# Loyola Marymount Review after first semester (1 Viewer)



## One_Girl_Revolution (Dec 8, 2011)

After my first semester of graduate film school, I feel like changing schools or career fields.I absolutely hated LMU's program.  The faculty is so unorganized. First semester as a production student was very overwhelming.Class Scheduling is terrible. Imagine having a 5 hour cinematography followed by a 3.5 hour screenwriting course at night. Never writing scripts then being told you Have 4 days to write scripts on the weekly basis. 
Faculty expect a lot but didn't offer courses like sound the first semester which really hurt a lot of student's final films. Also there are a lot of restrictions to first year grad student when it comes to using camera and sound equipment. Editing professor was terrible.Scattered brained. cinematography professor and department chair does weekly quizzes as well as random questions on geography and 80s pop culture. Watch out!

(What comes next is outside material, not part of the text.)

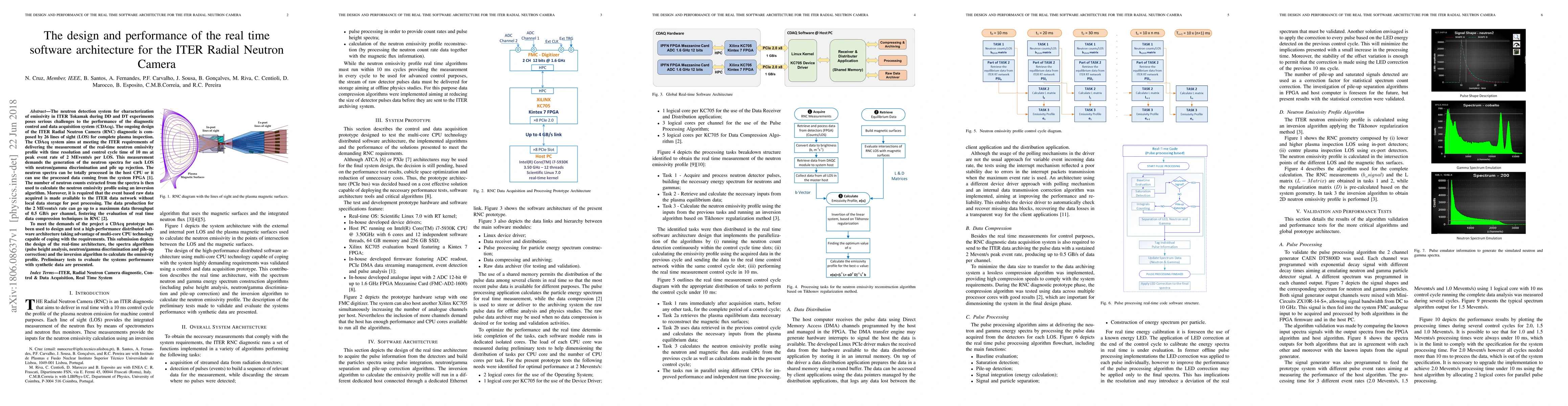 The neutron detection system for characterization of emissivity in ITER Tokamak during DD and DT experiments poses serious challenges to the performance of the diagnostic control and data acquisition system (CDAcq). The ongoing design of the ITER Radial Neutron Camera (RNC) diagnostic is composed by 26 lines of sight (LOS) for complete plasma inspection. The CDAcq system aims at meeting the ITER requirements of delivering the measurement of the real-time neutron emissivity profile with time resolution and control cycle time of 10 ms at peak event rate of 2 MEvents/s per LOS. This measurement demands the generation of the neutron spectra for each LOS with neutron/gamma discrimination and pile up rejection. The neutron spectra can be totally processed in the host CPU or it can use the processed data coming from the system FPGA. The number of neutron counts extracted from the spectra is then used to calculate the neutron emissivity profile using an inversion algorithm. Moreover, it is required that the event based raw data acquired is made available to the ITER data network without local data storage for post processing. The data production for the 2 MEvents/s rate can go up to a maximum data throughput of 0.5 GB/s per channel. The evaluation of the use of real-time data compression techniques in RNC is also depicted in another contribution. To meet the demands of the project a CDAcq prototype has been used to design and test a high-performance distributed software architecture taking advantage of multi-core CPU technology capable of coping with the requirements. This submission depicts the design of the real-time architecture, the spectra algorithms (pulse height analysis, neutron/gamma discrimination and pile-up correction) and the inversion algorithm to calculate the emissivity profile. Preliminary tests to evaluate the system performance with synthetic data are presented.

  Anyway, My backup career is clinical psych.I'm worried after putting in all this money, my career won't take off. I also don't think it's healthy to be working 12-18 hours on set. Too many become professors or end up changing fields after spending thousands on M.F.A. in filmI'd rather just get a paid internship through a production company and see what happens!


----------



## Razor Ramone (Dec 10, 2011)

Wow, I'm really surprised and disappointed to hear that as LMU was one of my top choices. Now I may have to reconsider since I'd hate to waste 3 years for nothing.

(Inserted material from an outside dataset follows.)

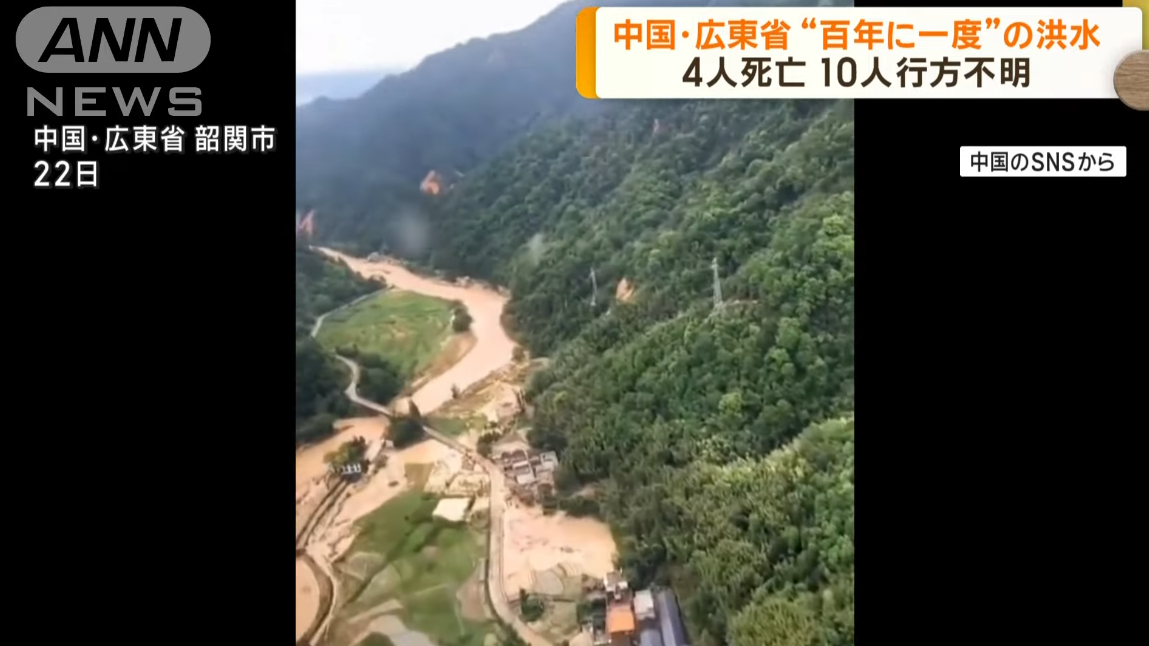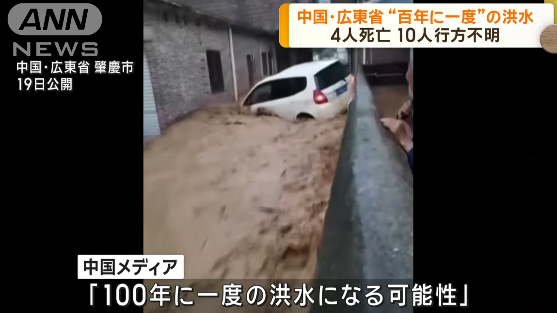 中国・広東省で降り続いた雨で洪水が発生し、これまでに4人が死亡し10人が行方不明になっています。山肌が露出し、街が茶色の濁流にのみ込まれています。

By any chance do you know if any of the MFA Writing and Producing for TV majors (and regular Screenwriting MFA majors) are happy or are they just as unsatisfied? Please let me know if you get the chance and thanks for the review!


----------



## R. Sid (Dec 10, 2011)

Though I am not applying to LMU, I would like to thank you for the effort and time spent in reviewing the school.

Hope you do get to change schools and get into a program which you like.


----------



## 4ms4 (Dec 12, 2011)

I'm a second year in the Writing & Producing for TV program @ LMU and love it. We have amazing screenwriting professors and will leave 2 specs, 2 originals, 1 feature and a sizzle reel presentation. If you want more info, message me and we can setup time to chat.


----------



## Razor Ramone (Dec 14, 2011)

Thanks for your response 4ms4! It sounded like a great program and I just wanted to make sure it was worth it to apply. I also appreciate your offer to message you for more info. In a few months, if I find out I get accepted I'm sure I'll take you up on that as I'll probably have a lot of questions. Thanks again!


----------



## Don't give them my name (Jan 11, 2012)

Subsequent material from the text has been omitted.